━━━━━ SUPPLIED DATA

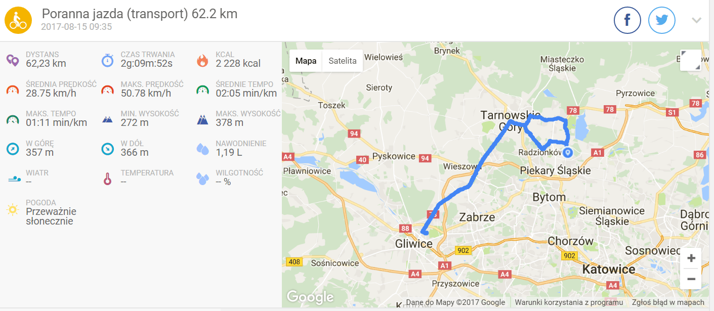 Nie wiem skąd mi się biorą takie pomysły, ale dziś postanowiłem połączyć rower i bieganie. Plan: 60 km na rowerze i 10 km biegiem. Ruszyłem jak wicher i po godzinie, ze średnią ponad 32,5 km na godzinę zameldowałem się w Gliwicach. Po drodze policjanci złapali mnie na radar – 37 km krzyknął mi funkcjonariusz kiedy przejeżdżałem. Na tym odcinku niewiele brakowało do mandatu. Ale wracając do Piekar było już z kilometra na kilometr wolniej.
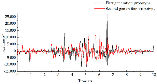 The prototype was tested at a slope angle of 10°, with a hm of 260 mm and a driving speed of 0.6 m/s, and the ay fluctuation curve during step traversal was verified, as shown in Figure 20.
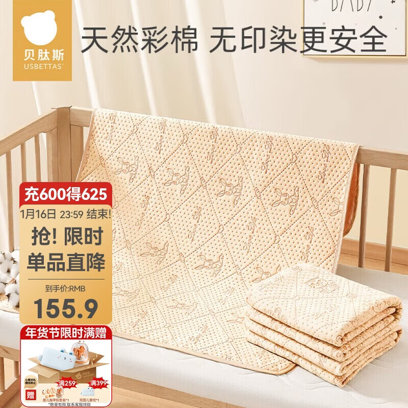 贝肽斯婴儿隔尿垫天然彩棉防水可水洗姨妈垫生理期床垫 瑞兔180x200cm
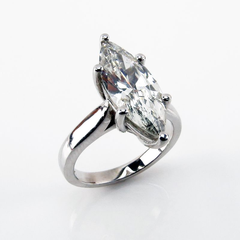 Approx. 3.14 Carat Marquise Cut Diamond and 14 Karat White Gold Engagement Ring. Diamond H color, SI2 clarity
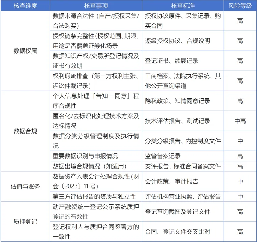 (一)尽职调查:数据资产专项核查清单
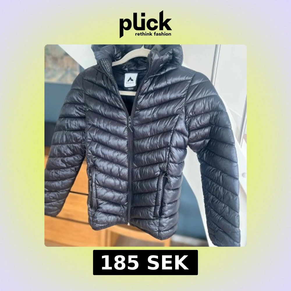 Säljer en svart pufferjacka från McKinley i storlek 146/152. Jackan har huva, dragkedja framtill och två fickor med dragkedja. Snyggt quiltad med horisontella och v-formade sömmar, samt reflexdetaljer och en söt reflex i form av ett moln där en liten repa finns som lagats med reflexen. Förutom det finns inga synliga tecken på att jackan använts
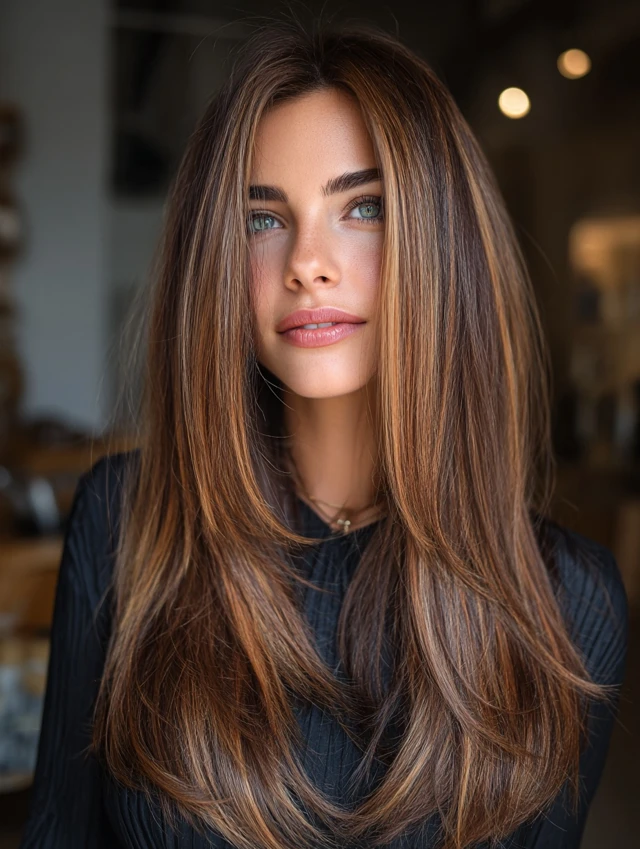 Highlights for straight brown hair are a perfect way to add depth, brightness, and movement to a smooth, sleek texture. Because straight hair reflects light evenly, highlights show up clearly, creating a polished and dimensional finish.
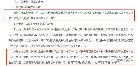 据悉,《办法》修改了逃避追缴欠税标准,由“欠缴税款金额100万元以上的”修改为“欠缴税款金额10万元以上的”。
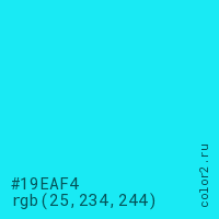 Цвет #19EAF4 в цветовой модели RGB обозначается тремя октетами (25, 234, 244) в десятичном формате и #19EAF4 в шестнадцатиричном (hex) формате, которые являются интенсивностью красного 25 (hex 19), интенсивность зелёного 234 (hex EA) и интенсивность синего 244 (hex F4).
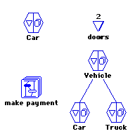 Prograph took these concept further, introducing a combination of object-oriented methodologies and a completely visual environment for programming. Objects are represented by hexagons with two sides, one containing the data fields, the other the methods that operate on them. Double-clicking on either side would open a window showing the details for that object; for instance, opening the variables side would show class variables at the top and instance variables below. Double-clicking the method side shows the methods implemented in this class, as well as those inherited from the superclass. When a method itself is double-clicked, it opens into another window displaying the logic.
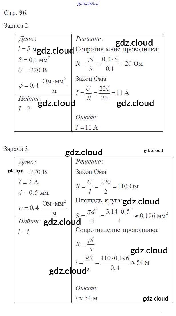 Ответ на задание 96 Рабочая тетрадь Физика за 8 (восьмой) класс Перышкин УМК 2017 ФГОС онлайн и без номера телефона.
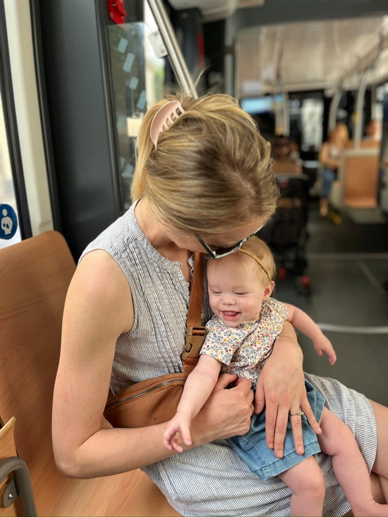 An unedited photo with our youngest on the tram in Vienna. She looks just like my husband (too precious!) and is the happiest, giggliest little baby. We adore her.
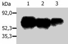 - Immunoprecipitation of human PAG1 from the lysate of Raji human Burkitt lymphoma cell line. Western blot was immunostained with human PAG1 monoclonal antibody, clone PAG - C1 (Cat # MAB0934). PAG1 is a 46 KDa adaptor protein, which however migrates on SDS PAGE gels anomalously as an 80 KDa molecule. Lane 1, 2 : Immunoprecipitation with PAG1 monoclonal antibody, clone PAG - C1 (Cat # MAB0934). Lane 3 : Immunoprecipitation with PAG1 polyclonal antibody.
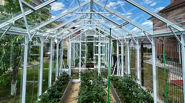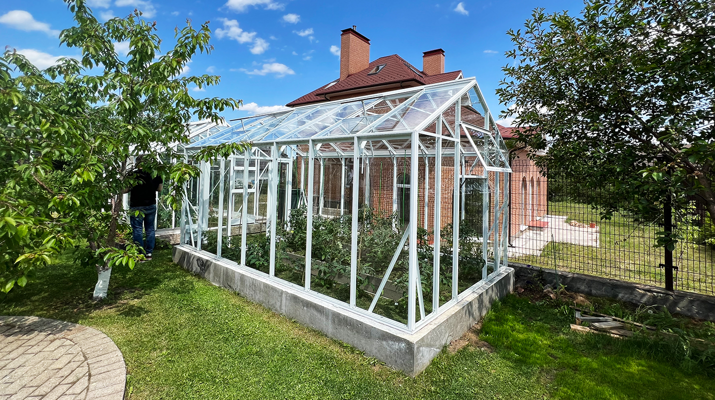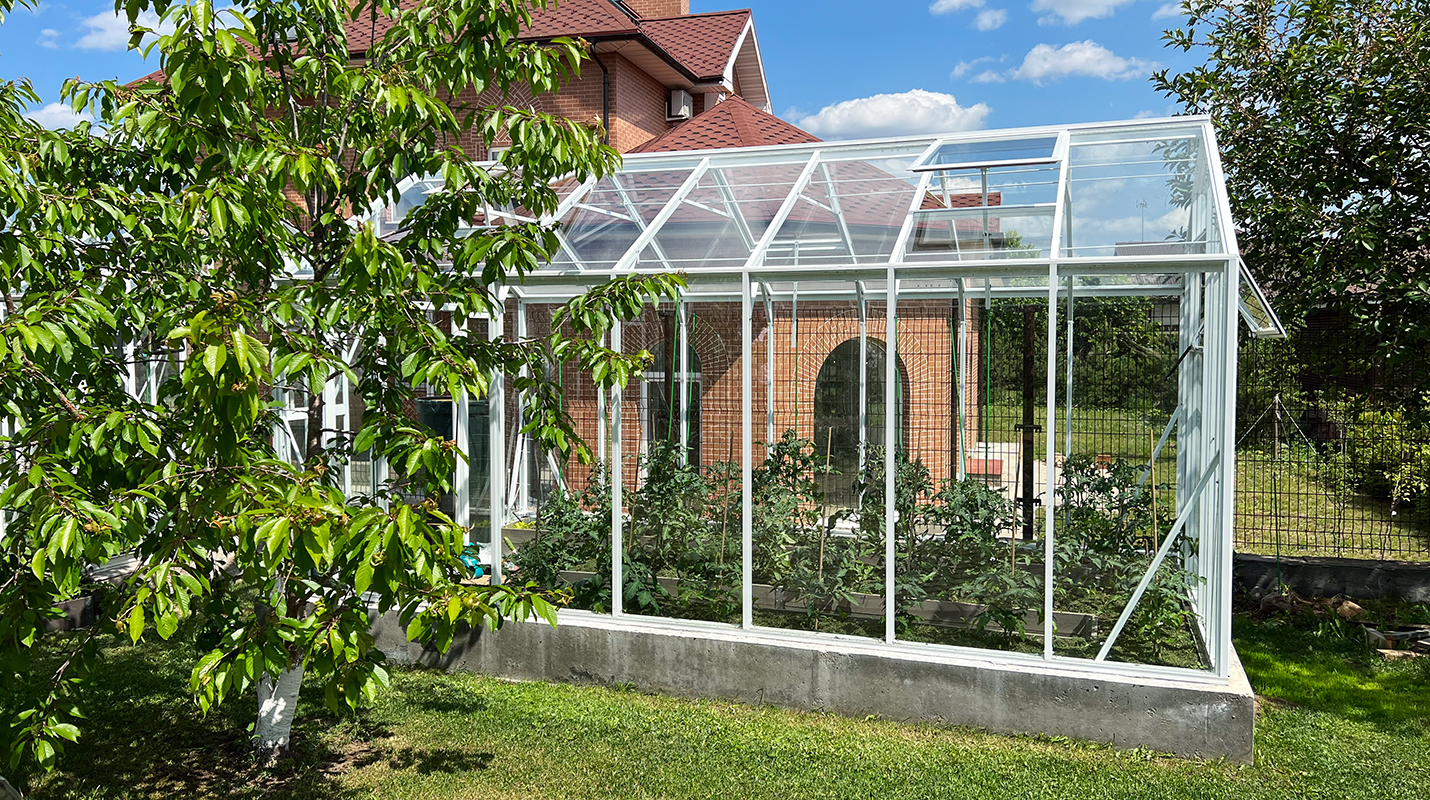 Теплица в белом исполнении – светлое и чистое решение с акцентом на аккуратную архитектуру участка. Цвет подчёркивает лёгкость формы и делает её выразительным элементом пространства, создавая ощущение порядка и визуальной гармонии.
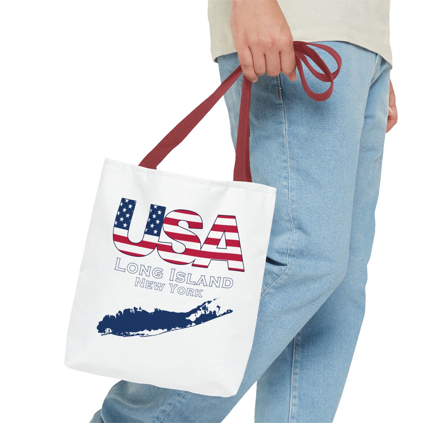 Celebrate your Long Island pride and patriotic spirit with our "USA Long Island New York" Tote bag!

━━━━━━━━━━

§ DIRECTIONS FOR THIS TASK
Reproduce only the lines from the beginning of the data through the line that contains "Цвет #19EAF4 в", both included, and please drop the pictures.

§ EXPECTED ANSWER
 Nie wiem skąd mi się biorą takie pomysły, ale dziś postanowiłem połączyć rower i bieganie. Plan: 60 km na rowerze i 10 km biegiem. Ruszyłem jak wicher i po godzinie, ze średnią ponad 32,5 km na godzinę zameldowałem się w Gliwicach. Po drodze policjanci złapali mnie na radar – 37 km krzyknął mi funkcjonariusz kiedy przejeżdżałem. Na tym odcinku niewiele brakowało do mandatu. Ale wracając do Piekar było już z kilometra na kilometr wolniej.
 The prototype was tested at a slope angle of 10°, with a hm of 260 mm and a driving speed of 0.6 m/s, and the ay fluctuation curve during step traversal was verified, as shown in Figure 20.
 贝肽斯婴儿隔尿垫天然彩棉防水可水洗姨妈垫生理期床垫 瑞兔180x200cm
 Approx. 3.14 Carat Marquise Cut Diamond and 14 Karat White Gold Engagement Ring. Diamond H color, SI2 clarity
 (一)尽职调查:数据资产专项核查清单
 Säljer en svart pufferjacka från McKinley i storlek 146/152. Jackan har huva, dragkedja framtill och två fickor med dragkedja. Snyggt quiltad med horisontella och v-formade sömmar, samt reflexdetaljer och en söt reflex i form av ett moln där en liten repa finns som lagats med reflexen. Förutom det finns inga synliga tecken på att jackan använts
 Highlights for straight brown hair are a perfect way to add depth, brightness, and movement to a smooth, sleek texture. Because straight hair reflects light evenly, highlights show up clearly, creating a polished and dimensional finish.
 据悉,《办法》修改了逃避追缴欠税标准,由“欠缴税款金额100万元以上的”修改为“欠缴税款金额10万元以上的”。
 Цвет #19EAF4 в цветовой модели RGB обозначается тремя октетами (25, 234, 244) в десятичном формате и #19EAF4 в шестнадцатиричном (hex) формате, которые являются интенсивностью красного 25 (hex 19), интенсивность зелёного 234 (hex EA) и интенсивность синего 244 (hex F4).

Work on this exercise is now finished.